Three cheers fur 'AR-COURT! 'E'll come back yet! (_Lord_
ROSEBERY'S _likeness follows_.) Good ole _Ladas!_ Cheer up!
Put a _smile_ on 'im!

 [Mr. GLADSTONE'S _face, leonine and benignant, is next shown_.

_A Chivalrous Conservative_ (_magnanimously_). 'E's a grand old chap,
any'ow; _I_ ain't goin' to chevy 'im.

 [_Which, to the credit of the assembly, seems to be the general
 sentiment, as conveyed by unanimous applause._

_A Sanguine Radical._ We shall 'ave the results in soon now; it's past
ten.
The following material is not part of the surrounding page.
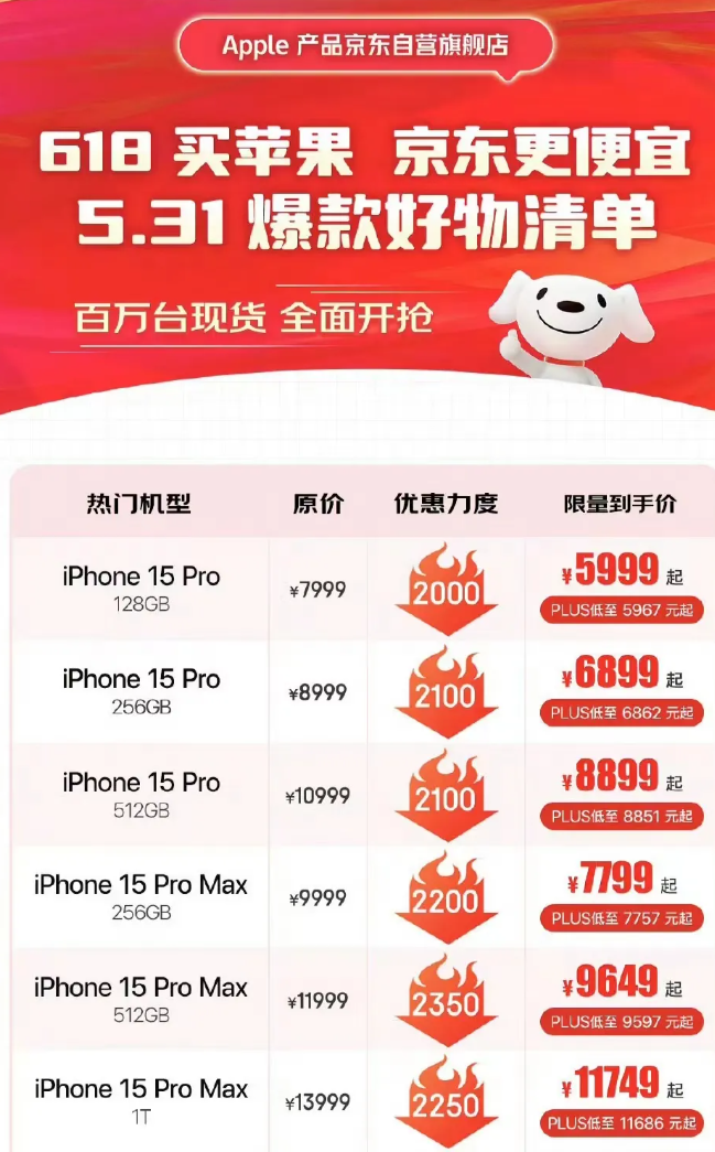 其中Apple产品京东自营旗舰店的iPhone 15 Pro Max享受到了最高达2350元的巨额优惠,而iPhone 15 Pro的售价也直接降低了至少2000元。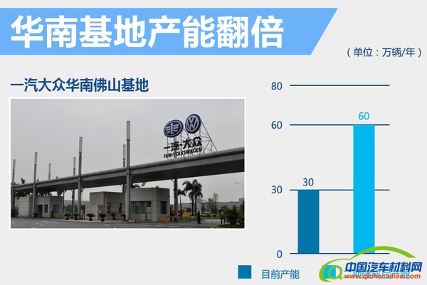 一汽大众华南佛山基地一期于2013年9月正式建成投产,占地100.39万平方米,规划建筑面积45.5万平方米,目前年产能30万辆,生产奥迪A3 Sportback、A3 Limousine和大众高尔夫7、高尔夫GTI以及今年五月份上市的高尔夫嘉旅车型。二期项目以于2014年5月初奠基,建设周期为36个月,项目建成后,整个华南基地产能将翻倍,具备60万辆产能。

We shall do better to-day than what we did Saturday, you _see_....
Ah, here's the first--"Hereford. Unionist Majority, 313. No change."
You can't _expeck_ none in a rotten place like that! You _wait_ a
bit.... "Croydon. Increased Unionist majority of 835. No change."
Well, 'UTCHINSON done very well; it's a strong Tory seat, is
Croydon. They're on'y 'olding their own so far--that's all.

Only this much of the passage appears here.